**PROBLEM TO WORK ON**
What you should repeat is the run of lines from the top of the listing below through the line with "Once you have", exactly, with no pictures.
================
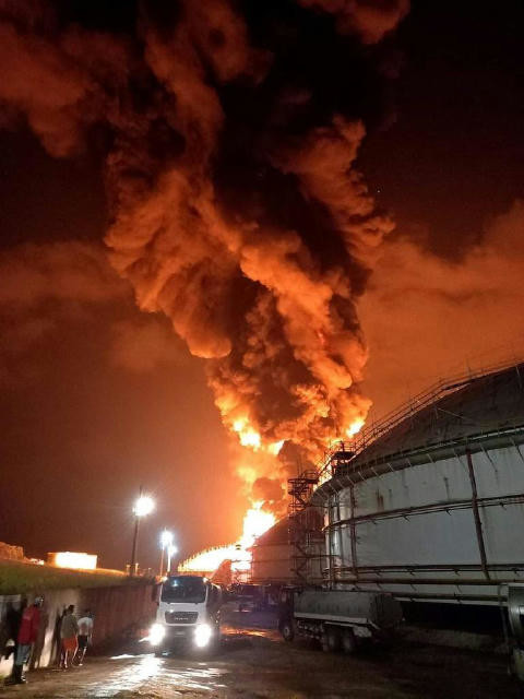 #Cuba 🇨🇺| Imágenes nocturnas desde #Matanzas... Se pone en peligro el tercer tanque de combustible al aumentar el viento .🇨🇺🇨🇺🇨🇺
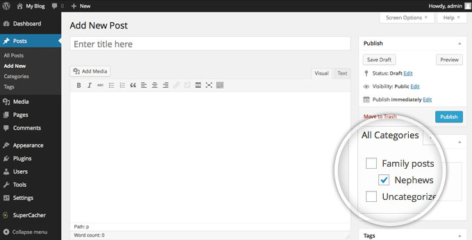 Once you have the category structure created, you can add posts to categories. There are two ways you can do this. The first one is to open a particular post (or write a new one) and place a checkbox in the category you want to assign it to.
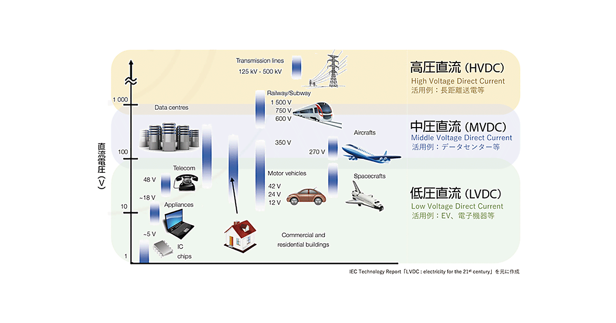 図1に示すように、①高圧直流(HVDC。例:100kV以上の長距離直流送電網)、②中圧直流(MVDC。例:5kVのデータセンター、1.5kVの電車など)、③低圧直流(LVDC。例:12V〜42VのEV、電子機器など)のようなイメージとなる。
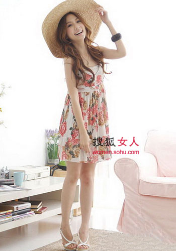 時(shí)尚解析:碎花裙甜美可人,特別適合喜歡甜美活潑風(fēng)格的花樣少女們,走在海灘上好像一只甜蜜蜜的草莓冰激凌一般誘人。打造俏皮甜美造型的關(guān)鍵在于選擇長(zhǎng)度在膝蓋上的裙款,清涼無(wú)限Sweet無(wú)限!
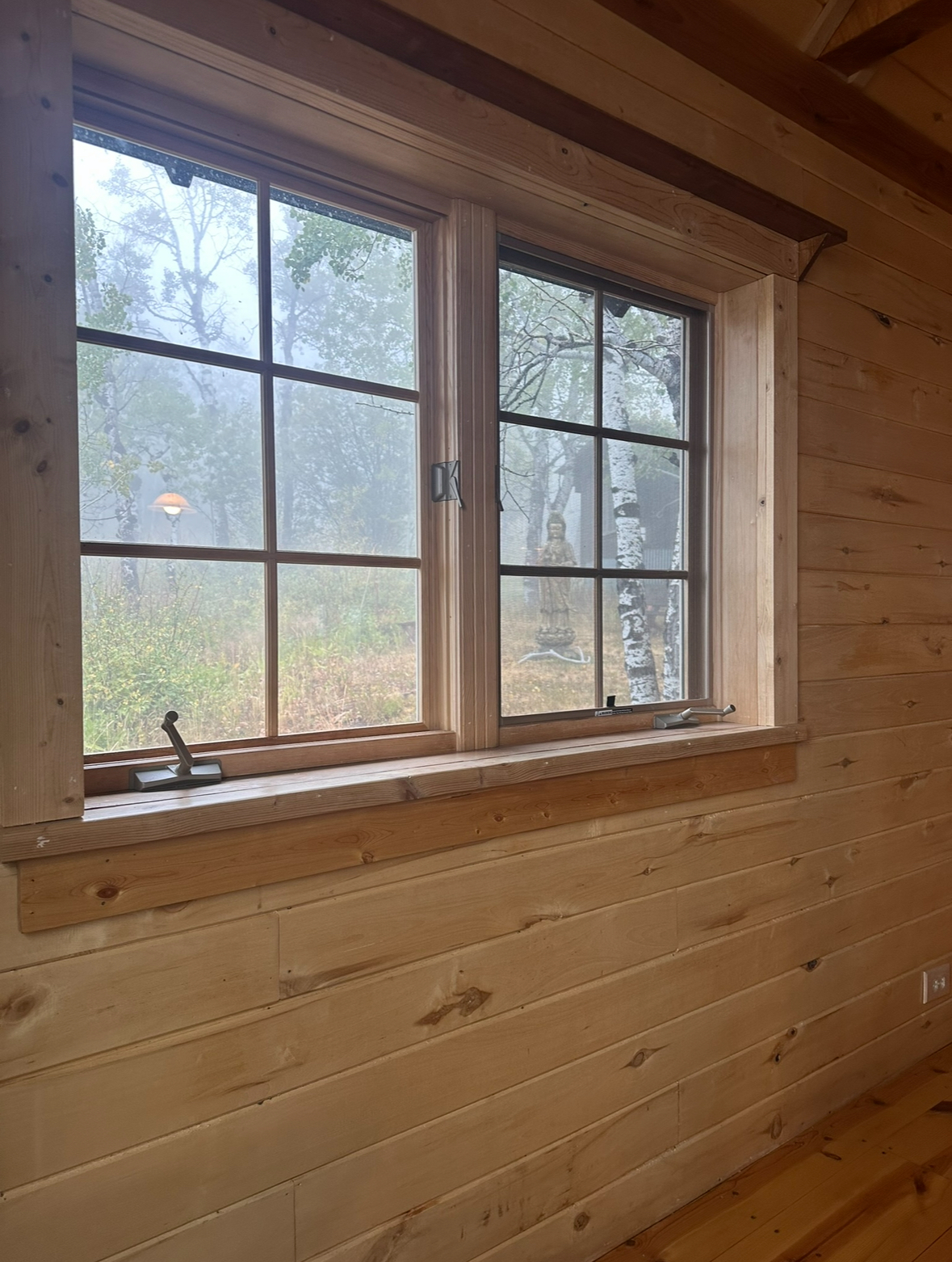 A photo of the window in the cabin with a traditional Sri Lanka Buddha outside. | Photo by Hannah Field
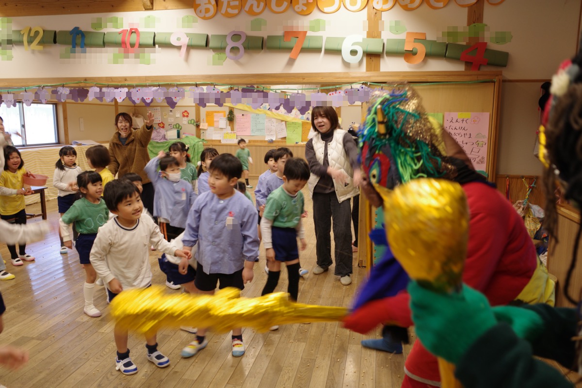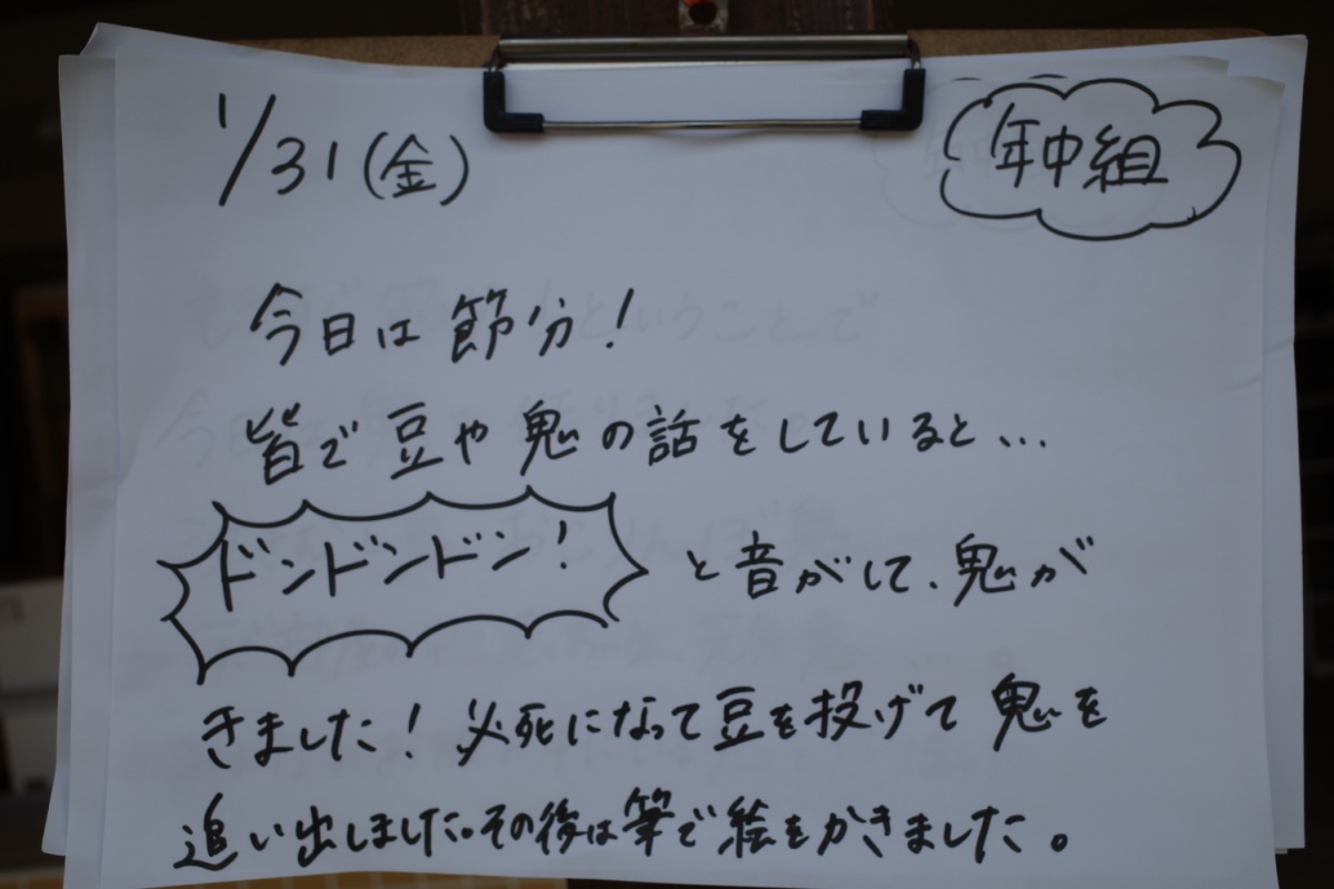 おにがきた。(写真多数) 01/31/2025 最終更新日時 : 01/31/2025 ozasa-admin [Show slideshow] 1 2 3 ► 幼稚園に、鬼さんがやってきました。結構元気な鬼たちに、びっくりしたり、涙ぐむ子もいたけど、みんなで「鬼はそと!」で教室から追い出しました。終わって鬼とみんなでやっつけた絵を描きました。年中は墨をつかって。お友達や投げてる豆(新聞紙を丸めたものもあったけど)まで絵の描い。年長は鬼に捕まりかけた先生を助けたり。バラ組さんは、先生の腕の先の優しい鬼で、鬼はそと。 \ 最新情報をチェック / FacebookXBlueskyHatenaLINECopy
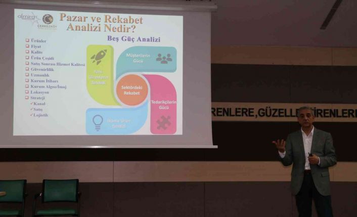 Pazar Analizinin ardından Rekabet Analizi ile ilgili bilgiler veren ve katılımcılara konunun ayrıntılarını anlatan Erdem, “Rekabet Analizi, stratejik araştırma biçimi olarak tanımlanabilir. Ticari açıdan rekabet hâlinde olduğunuz diğer şirketlerin faaliyetlerini, stratejilerini ve bunlara bağlı olarak güçlü ve zayıf yönlerini belirleme amacı taşır. Elde ettiğiniz veriler, kendi güçlü ve zayıf yönlerinizi daha kolay saptamanızı sağlar. Böylelikle alacağınız kararlar ve yapacağınız stratejik hamlelerin, daha isabetli olmasının önünü açar. Günümüzde her geçen daha da fazla önem kazanan e-ticaret faaliyetleri açısından da rekabet analizi büyük önem taşır. Zira internetten yapılan satış sayılarındaki gözle görünür artış, birçok şirketin bu alana yönelmesine neden olmakta ve bu da kaçınılmaz olarak rekabet düzeyini artırmaktadır. Dolayısıyla e-ticarette rakip analizi yapmak, bu alanda çalışmayı düşünen ya da hâlihazırda çalışan her işletme için mutlaka atılması gereken bir adım hâline gelmiştir.” ifadelerini kullandı.
================
**SOLUTION FOR THIS EXERCISE**
 #Cuba 🇨🇺| Imágenes nocturnas desde #Matanzas... Se pone en peligro el tercer tanque de combustible al aumentar el viento .🇨🇺🇨🇺🇨🇺
 Once you have the category structure created, you can add posts to categories. There are two ways you can do this. The first one is to open a particular post (or write a new one) and place a checkbox in the category you want to assign it to.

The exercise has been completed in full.